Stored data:
========

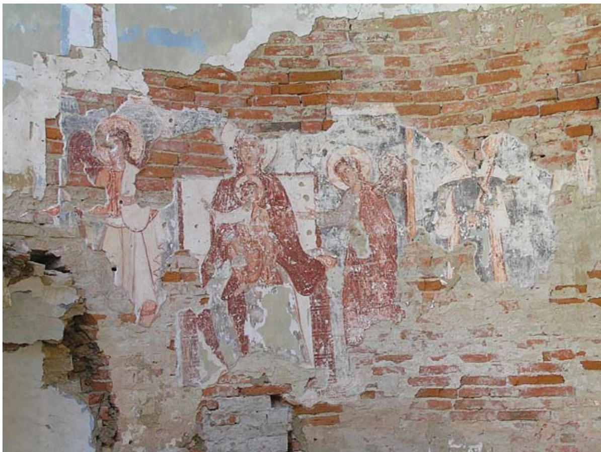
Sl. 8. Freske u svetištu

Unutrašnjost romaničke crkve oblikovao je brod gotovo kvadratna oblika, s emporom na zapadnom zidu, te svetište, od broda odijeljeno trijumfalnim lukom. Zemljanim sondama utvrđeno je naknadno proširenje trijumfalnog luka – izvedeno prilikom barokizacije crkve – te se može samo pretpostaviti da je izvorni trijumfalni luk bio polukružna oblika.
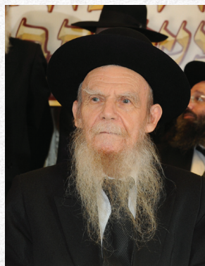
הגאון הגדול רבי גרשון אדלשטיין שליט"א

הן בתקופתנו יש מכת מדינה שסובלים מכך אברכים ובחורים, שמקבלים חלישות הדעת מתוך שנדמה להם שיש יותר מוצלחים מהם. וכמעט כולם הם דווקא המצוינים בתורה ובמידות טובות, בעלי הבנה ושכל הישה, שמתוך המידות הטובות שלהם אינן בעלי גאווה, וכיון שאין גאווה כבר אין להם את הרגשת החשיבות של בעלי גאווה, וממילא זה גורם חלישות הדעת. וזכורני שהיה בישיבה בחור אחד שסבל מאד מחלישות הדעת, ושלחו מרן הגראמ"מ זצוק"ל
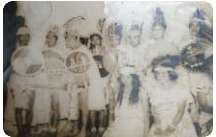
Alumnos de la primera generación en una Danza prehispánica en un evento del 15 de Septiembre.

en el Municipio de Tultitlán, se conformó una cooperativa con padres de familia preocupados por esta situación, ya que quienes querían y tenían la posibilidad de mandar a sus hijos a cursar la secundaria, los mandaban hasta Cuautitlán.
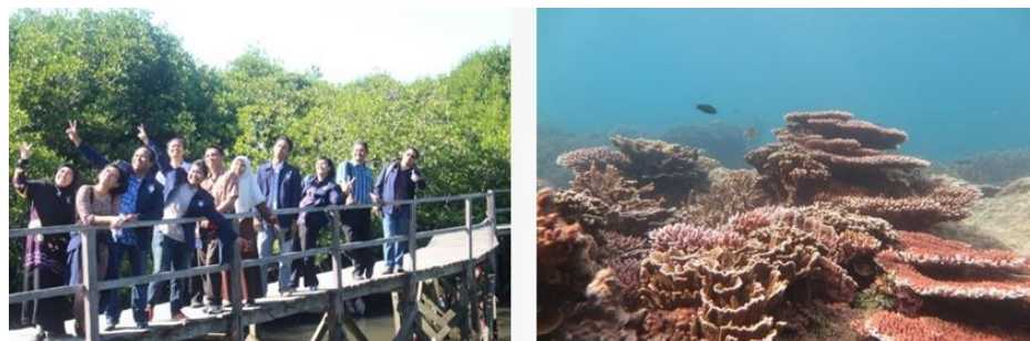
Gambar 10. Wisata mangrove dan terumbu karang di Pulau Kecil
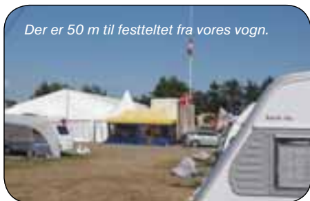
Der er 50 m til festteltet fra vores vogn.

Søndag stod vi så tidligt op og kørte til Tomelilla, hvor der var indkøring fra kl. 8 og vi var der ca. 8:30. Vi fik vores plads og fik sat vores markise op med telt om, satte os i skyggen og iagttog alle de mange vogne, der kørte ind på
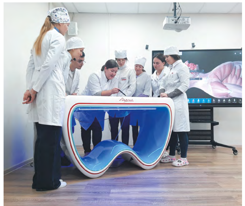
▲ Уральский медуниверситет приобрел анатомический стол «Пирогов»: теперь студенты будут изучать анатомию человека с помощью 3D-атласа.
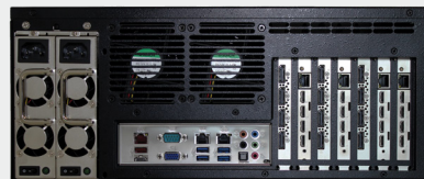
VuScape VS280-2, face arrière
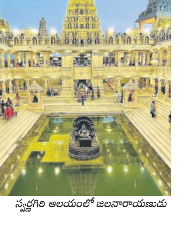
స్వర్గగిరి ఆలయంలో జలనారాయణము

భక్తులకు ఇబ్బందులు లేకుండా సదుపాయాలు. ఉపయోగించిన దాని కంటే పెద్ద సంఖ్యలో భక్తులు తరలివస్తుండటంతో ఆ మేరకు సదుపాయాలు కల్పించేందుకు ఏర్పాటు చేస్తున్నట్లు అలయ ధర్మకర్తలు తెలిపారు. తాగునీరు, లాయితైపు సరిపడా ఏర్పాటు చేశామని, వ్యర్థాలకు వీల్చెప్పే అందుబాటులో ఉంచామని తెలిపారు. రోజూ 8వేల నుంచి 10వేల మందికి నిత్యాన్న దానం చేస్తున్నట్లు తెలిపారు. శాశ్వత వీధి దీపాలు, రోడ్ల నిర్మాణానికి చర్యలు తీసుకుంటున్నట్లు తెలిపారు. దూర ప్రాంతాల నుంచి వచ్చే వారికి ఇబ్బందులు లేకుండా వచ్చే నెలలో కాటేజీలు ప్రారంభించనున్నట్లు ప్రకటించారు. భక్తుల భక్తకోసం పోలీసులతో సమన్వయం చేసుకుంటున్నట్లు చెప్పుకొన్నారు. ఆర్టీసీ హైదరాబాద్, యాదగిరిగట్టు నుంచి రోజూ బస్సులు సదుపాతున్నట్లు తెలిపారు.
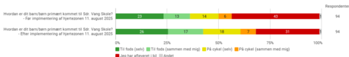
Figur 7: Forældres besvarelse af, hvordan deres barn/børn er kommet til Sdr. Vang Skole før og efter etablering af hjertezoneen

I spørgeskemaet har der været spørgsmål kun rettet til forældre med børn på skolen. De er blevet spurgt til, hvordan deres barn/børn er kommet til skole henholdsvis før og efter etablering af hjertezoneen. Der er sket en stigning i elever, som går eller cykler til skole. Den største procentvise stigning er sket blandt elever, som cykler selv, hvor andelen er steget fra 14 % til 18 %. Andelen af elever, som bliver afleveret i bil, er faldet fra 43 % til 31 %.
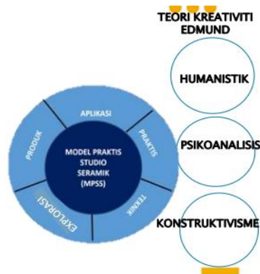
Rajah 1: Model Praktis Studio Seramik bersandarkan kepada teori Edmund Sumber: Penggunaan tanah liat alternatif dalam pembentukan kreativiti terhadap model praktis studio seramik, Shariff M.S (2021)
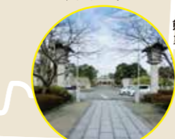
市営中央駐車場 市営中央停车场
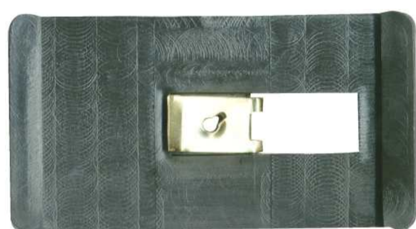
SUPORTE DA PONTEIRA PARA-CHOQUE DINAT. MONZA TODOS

========

### Your objective
Please transcribe the entries precisely and omit any images they hold.

### Reply
Sl. 8. Freske u svetištu

Unutrašnjost romaničke crkve oblikovao je brod gotovo kvadratna oblika, s emporom na zapadnom zidu, te svetište, od broda odijeljeno trijumfalnim lukom. Zemljanim sondama utvrđeno je naknadno proširenje trijumfalnog luka – izvedeno prilikom barokizacije crkve – te se može samo pretpostaviti da je izvorni trijumfalni luk bio polukružna oblika.
הגאון הגדול רבי גרשון אדלשטיין שליט"א

הן בתקופתנו יש מכת מדינה שסובלים מכך אברכים ובחורים, שמקבלים חלישות הדעת מתוך שנדמה להם שיש יותר מוצלחים מהם. וכמעט כולם הם דווקא המצוינים בתורה ובמידות טובות, בעלי הבנה ושכל הישה, שמתוך המידות הטובות שלהם אינן בעלי גאווה, וכיון שאין גאווה כבר אין להם את הרגשת החשיבות של בעלי גאווה, וממילא זה גורם חלישות הדעת. וזכורני שהיה בישיבה בחור אחד שסבל מאד מחלישות הדעת, ושלחו מרן הגראמ"מ זצוק"ל
Alumnos de la primera generación en una Danza prehispánica en un evento del 15 de Septiembre.

en el Municipio de Tultitlán, se conformó una cooperativa con padres de familia preocupados por esta situación, ya que quienes querían y tenían la posibilidad de mandar a sus hijos a cursar la secundaria, los mandaban hasta Cuautitlán.
Gambar 10. Wisata mangrove dan terumbu karang di Pulau Kecil
Der er 50 m til festteltet fra vores vogn.

Søndag stod vi så tidligt op og kørte til Tomelilla, hvor der var indkøring fra kl. 8 og vi var der ca. 8:30. Vi fik vores plads og fik sat vores markise op med telt om, satte os i skyggen og iagttog alle de mange vogne, der kørte ind på
▲ Уральский медуниверситет приобрел анатомический стол «Пирогов»: теперь студенты будут изучать анатомию человека с помощью 3D-атласа.
VuScape VS280-2, face arrière
స్వర్గగిరి ఆలయంలో జలనారాయణము

భక్తులకు ఇబ్బందులు లేకుండా సదుపాయాలు. ఉపయోగించిన దాని కంటే పెద్ద సంఖ్యలో భక్తులు తరలివస్తుండటంతో ఆ మేరకు సదుపాయాలు కల్పించేందుకు ఏర్పాటు చేస్తున్నట్లు అలయ ధర్మకర్తలు తెలిపారు. తాగునీరు, లాయితైపు సరిపడా ఏర్పాటు చేశామని, వ్యర్థాలకు వీల్చెప్పే అందుబాటులో ఉంచామని తెలిపారు. రోజూ 8వేల నుంచి 10వేల మందికి నిత్యాన్న దానం చేస్తున్నట్లు తెలిపారు. శాశ్వత వీధి దీపాలు, రోడ్ల నిర్మాణానికి చర్యలు తీసుకుంటున్నట్లు తెలిపారు. దూర ప్రాంతాల నుంచి వచ్చే వారికి ఇబ్బందులు లేకుండా వచ్చే నెలలో కాటేజీలు ప్రారంభించనున్నట్లు ప్రకటించారు. భక్తుల భక్తకోసం పోలీసులతో సమన్వయం చేసుకుంటున్నట్లు చెప్పుకొన్నారు. ఆర్టీసీ హైదరాబాద్, యాదగిరిగట్టు నుంచి రోజూ బస్సులు సదుపాతున్నట్లు తెలిపారు.
Figur 7: Forældres besvarelse af, hvordan deres barn/børn er kommet til Sdr. Vang Skole før og efter etablering af hjertezoneen

I spørgeskemaet har der været spørgsmål kun rettet til forældre med børn på skolen. De er blevet spurgt til, hvordan deres barn/børn er kommet til skole henholdsvis før og efter etablering af hjertezoneen. Der er sket en stigning i elever, som går eller cykler til skole. Den største procentvise stigning er sket blandt elever, som cykler selv, hvor andelen er steget fra 14 % til 18 %. Andelen af elever, som bliver afleveret i bil, er faldet fra 43 % til 31 %.
Rajah 1: Model Praktis Studio Seramik bersandarkan kepada teori Edmund Sumber: Penggunaan tanah liat alternatif dalam pembentukan kreativiti terhadap model praktis studio seramik, Shariff M.S (2021)
市営中央駐車場 市営中央停车场
SUPORTE DA PONTEIRA PARA-CHOQUE DINAT. MONZA TODOS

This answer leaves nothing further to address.